PPV, salary or classic bonus?

The three mechanisms do not have the same effect.

  • Salary feeds recurring remuneration, social protection and future rights.
  • The classic premium can be contractual, conventional or linked to use.
  • The PPV responds to its own regime, with its ceilings, its rules and its non-substitution conditions.

PPV cannot replace:

  • a salary increase already planned;
  • a bonus mentioned in the contract;
  • a salary agreement;
  • a practice in force in the company.

This rule is crucial. We still see leaders wanting to "replace" a lasting increase with a more flexible PPV. On paper, the economy looks attractive. In real life, this often means moving the problem forward in time.

How to pour it without error

The remittance must be prepared as a real payroll sequence, not as a line added at the last minute.

We recommend checking:

  • the setting text;
  • the employees concerned on the reference date;
  • the modulation criteria;
  • the gross, net social and net amount to be paid;
  • the applicable tax treatment;
  • the payment schedule;
  • the impact on other premiums;
  • possible payment in one or more installments.

The law allows two value sharing bonuses for the same calendar year. The payment can be split, up to once per quarter. This provides flexibility, but it also requires rigorous monitoring.

A concrete example

Let's take a SME with 24 employees which had a decent year but without abundant cash flow. The manager wants to send a positive signal without creating a fixed increase that he will not be able to maintain.

The correct approach then consists of:

1. check if the company falls within the scope of mandatory or optional value sharing; 2. choose between PPV, profit-sharing or classic bonus; 3. set simple and stable criteria; 4. validate the payroll processing before communication; 5. measure the real impact on the annual budget.
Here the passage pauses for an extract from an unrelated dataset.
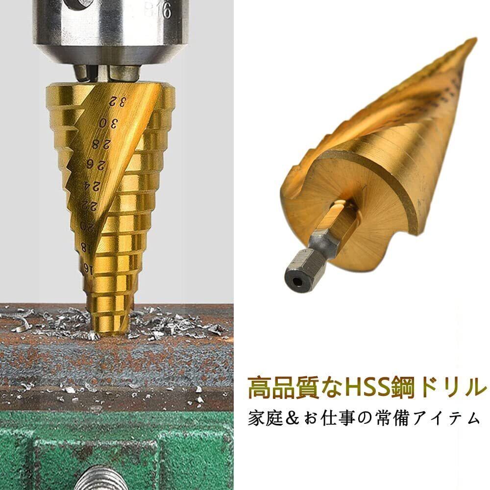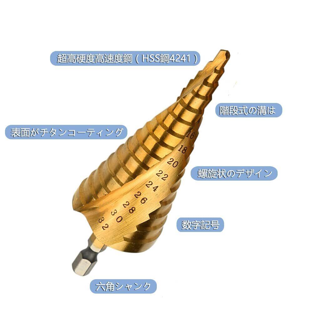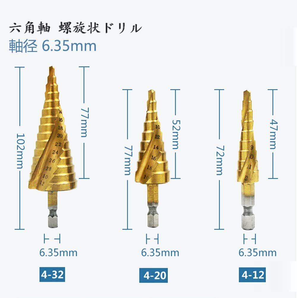 LIKENNY ステップドリル 六角軸 螺旋セット 4-32mm 15段 4-20mm 9段 4-12mm 9段 チタンコーティング スパイラル HSS钢 ドリル 3本セット 収納袋付 (たけのこドリル)

In another company, more structured, the PPV can be combined with a profit-sharing agreement or a savings plan. In this case, the benefit of the system is not only fiscal. It is also managerial: giving employees visibility on how value is shared.

Mistakes we often see

  • confuse PPV and salary increase;
  • promise the device before having validated the text;
  • adjust the amounts without objective criteria;
  • forget the employees' reference date;
  • poorly handle the impact on payroll;
  • believing that PPV is automatic because it is "in fashion";
  • not checking the exemption ceilings and their conditions of application.

On the files that we take over, the real concern is not the payment itself. It's almost always the lack of initial framing.
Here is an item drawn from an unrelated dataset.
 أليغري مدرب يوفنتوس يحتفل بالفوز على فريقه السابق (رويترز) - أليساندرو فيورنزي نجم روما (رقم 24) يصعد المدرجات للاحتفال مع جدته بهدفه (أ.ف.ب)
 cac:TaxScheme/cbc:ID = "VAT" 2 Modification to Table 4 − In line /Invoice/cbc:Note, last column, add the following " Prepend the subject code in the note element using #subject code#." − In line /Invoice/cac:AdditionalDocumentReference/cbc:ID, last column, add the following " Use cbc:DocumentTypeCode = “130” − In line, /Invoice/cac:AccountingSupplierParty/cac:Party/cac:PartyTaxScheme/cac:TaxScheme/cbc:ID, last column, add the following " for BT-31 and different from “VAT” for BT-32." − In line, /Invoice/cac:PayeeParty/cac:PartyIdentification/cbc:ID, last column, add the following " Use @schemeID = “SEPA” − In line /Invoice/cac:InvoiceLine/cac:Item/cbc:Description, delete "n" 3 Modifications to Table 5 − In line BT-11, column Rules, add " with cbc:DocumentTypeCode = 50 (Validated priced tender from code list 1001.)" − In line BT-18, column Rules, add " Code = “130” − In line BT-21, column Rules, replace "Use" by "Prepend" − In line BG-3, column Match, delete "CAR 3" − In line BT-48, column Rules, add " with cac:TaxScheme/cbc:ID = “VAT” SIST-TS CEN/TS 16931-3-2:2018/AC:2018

PPV and executive remuneration strategy

For a leader, PPV is only one piece of the puzzle. You also need to think about:

  • the distribution between salary and dividends;
  • social security contributions;
  • cash flow needs;
  • social protection for the manager;
  • the team loyalty policy.

**To properly arbitrate, you must also read our article are bonuses taxable?, the comparison dividends vs salary and our file optimization of executive compensation. The PPV becomes relevant when it is part of a coherent remuneration strategy, and not when it serves as a patch.

Frequently asked questions

Is PPV still exempt?+

No. The scheme depends on the employee's situation, the size of the company, the payment date and the conditions provided for by the texts. This is precisely why it is necessary to check the concrete case before paying the premium.
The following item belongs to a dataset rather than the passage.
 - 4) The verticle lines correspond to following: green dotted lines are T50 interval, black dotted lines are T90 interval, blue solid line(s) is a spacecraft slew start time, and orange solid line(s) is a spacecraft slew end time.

Can we pay it to everyone with the same amount?+

Yes, it's possible if the implementing text provides for it. But the company can also adjust the bonus according to objective criteria such as remuneration, seniority or effective presence.

Can we replace a 13th month with a PPV?+

No. The PPV must not replace an element of remuneration already due. If a 13th month exists in the contract, agreement or usage, it must be maintained.

Can the bonus be placed in a savings plan?+

Yes, at the employee's request, the premium can be directed towards a company PEE or PER, which may change the applicable treatment. However, it is necessary to check the terms and exact effects before payment.

Is a collective agreement needed to set up PPV?+

Not necessarily. The bonus can also be established by a unilateral decision by the employer, provided that the rules of substance and form are respected.